Robocon excuses round-up

We didn’t do it. The Liberals did it. It happened, but it’s exaggerated. It was a rogue staffer. It can’t be us, because it happened in Calgary. It’s taken nine months, so it has to be made-up. Elections Canada is biased against us. We didn’t need to do it, we were going to win. It’s all hysteria. It’s all media bias.

And so on and so on.

Those are just a few of the excuses that Conservatives – looking worried, sounding frenzied – have offered up in the growing electoral fraud scandal. There are more.

I need your help: I want to do a round-up in the Sun on Tuesday about the various Con excuses in Robocon – and, if possible, what noteworthies are making them.

Fill comments with your picks – and thank you!


In today’s Sun: How RoboCon will unfold

When confronted by crisis and scandal, the Conservative government has a standard operating procedure.

Code Yellow: Claim average people don’t care, and say it’s time to move on to more important subjects, like the economy.

Code Orange: If that doesn’t work, toss a young Tory staffer under the proverbial bus, and say the matter’s closed.

Code Red:Blame the media, blame bureaucrats, and screech about Adscam, coalitions, the NEP and the perils of socialism. Rinse and repeat.

An important part of this process, usually, is to cite the words of commentators who defend the Harper regime. So, as the RoboCon scandal continues to spread, we can expect to see Conservative MPs getting up on their hind legs in the Commons, and quoting scrupulously neutral oracles like L. Ian MacDonald, who this week declared that “Harper won the election fair and square,” and that fraudulent phone calls about the location of polling stations wouldn’t have changed the outcome.

The problem, however, is that it increasingly looks like the Harper Cons didn’t win the election “fair and square.” It looks like they cheated. And, moreover, in ridings where Liberals were defeated by small margins — such as Nipissing-Timiskaming (18 votes) or Etobicoke Centre (26 votes) — the outcome could have been quite different, indeed.


Robocon math

Assorted Reformatories have swarmed this and other web sites, winged monkey-like, to contest the 31,000 complaints of electoral fraud figure, below.
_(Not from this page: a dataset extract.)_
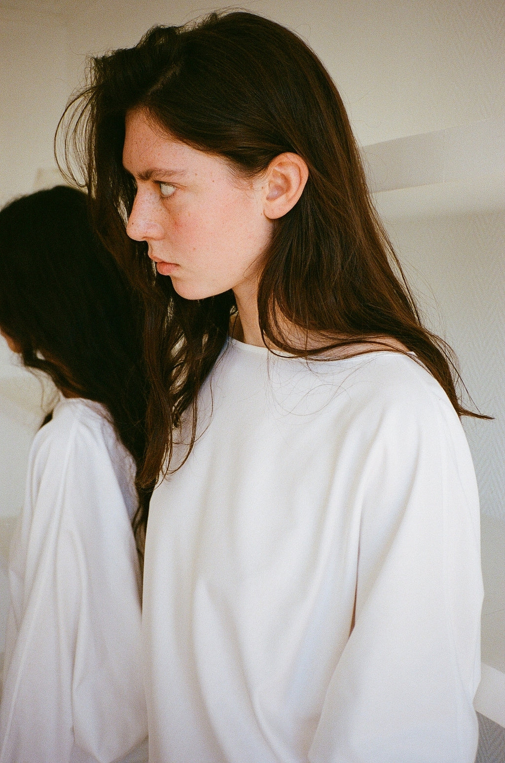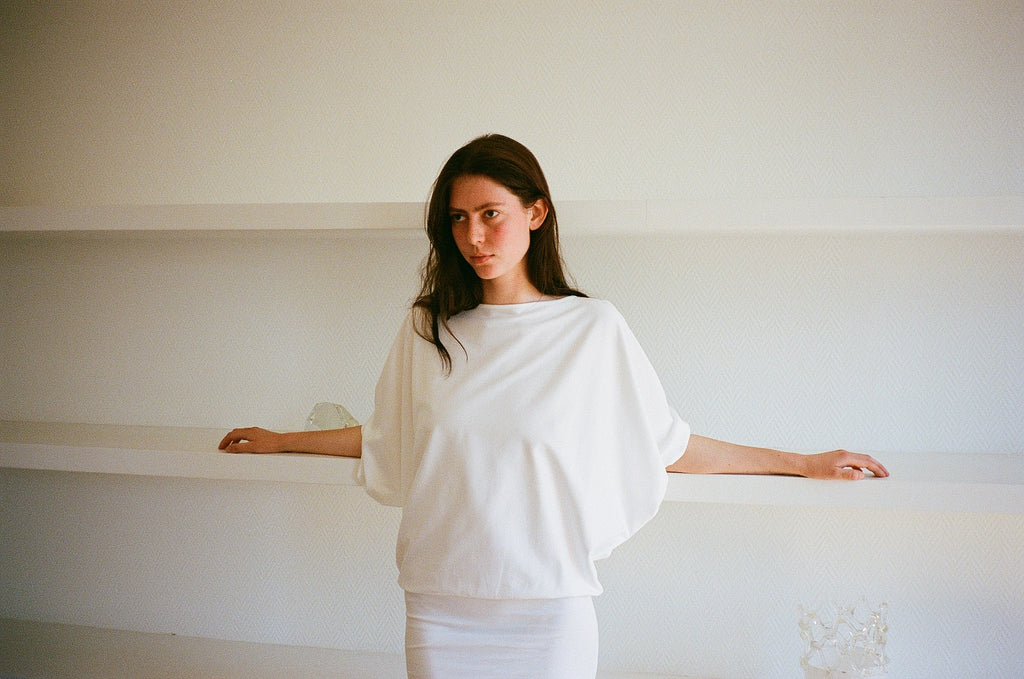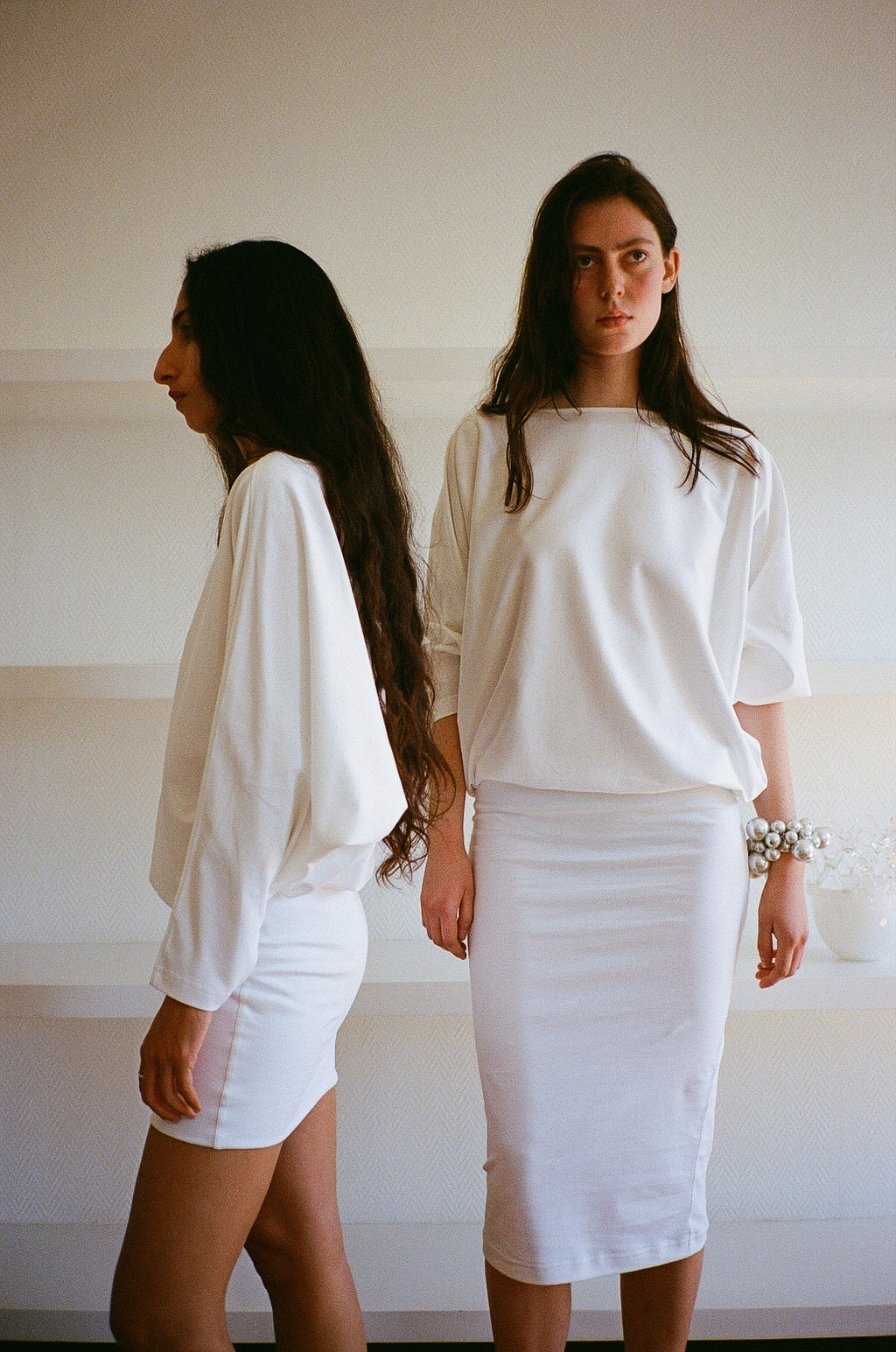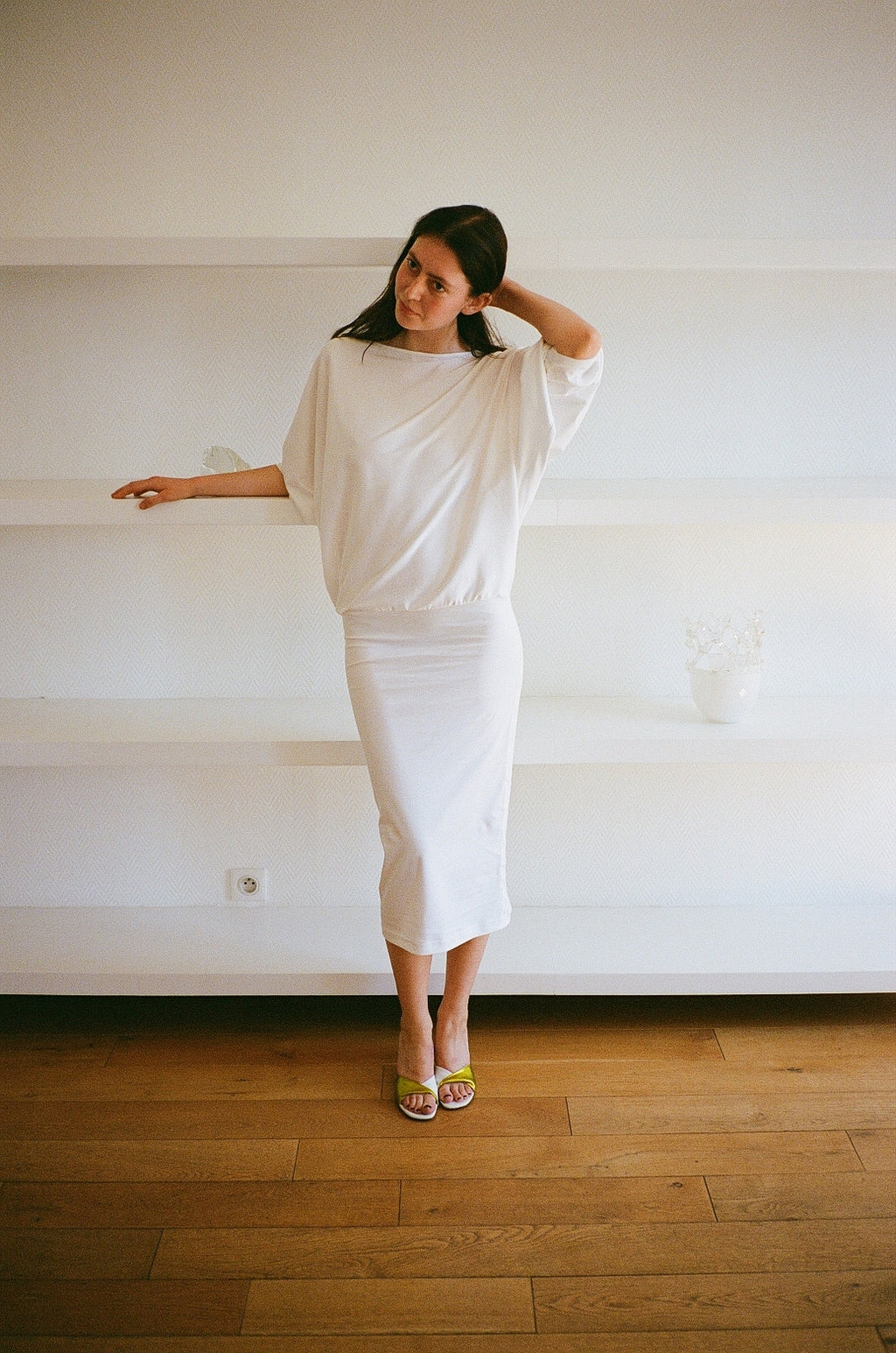 A mid calf length draped dress, fitted at the hips with a wrap belt, long sleeved and straight neck.

Whatever. Knock yourselves out, monkeys. Halve that number, and halve it again and again.

The sponsorship affair resulted in six prosecutions (none of which involved an elected Liberal, by the by). But those six prosecutions were more than enough to help wreck the Liberal brand for a decade and counting.

So, have at it, winged monkeys. It could be 31,000 cases, or it could be 31. Any way you slice it, your team is well and truly fucked.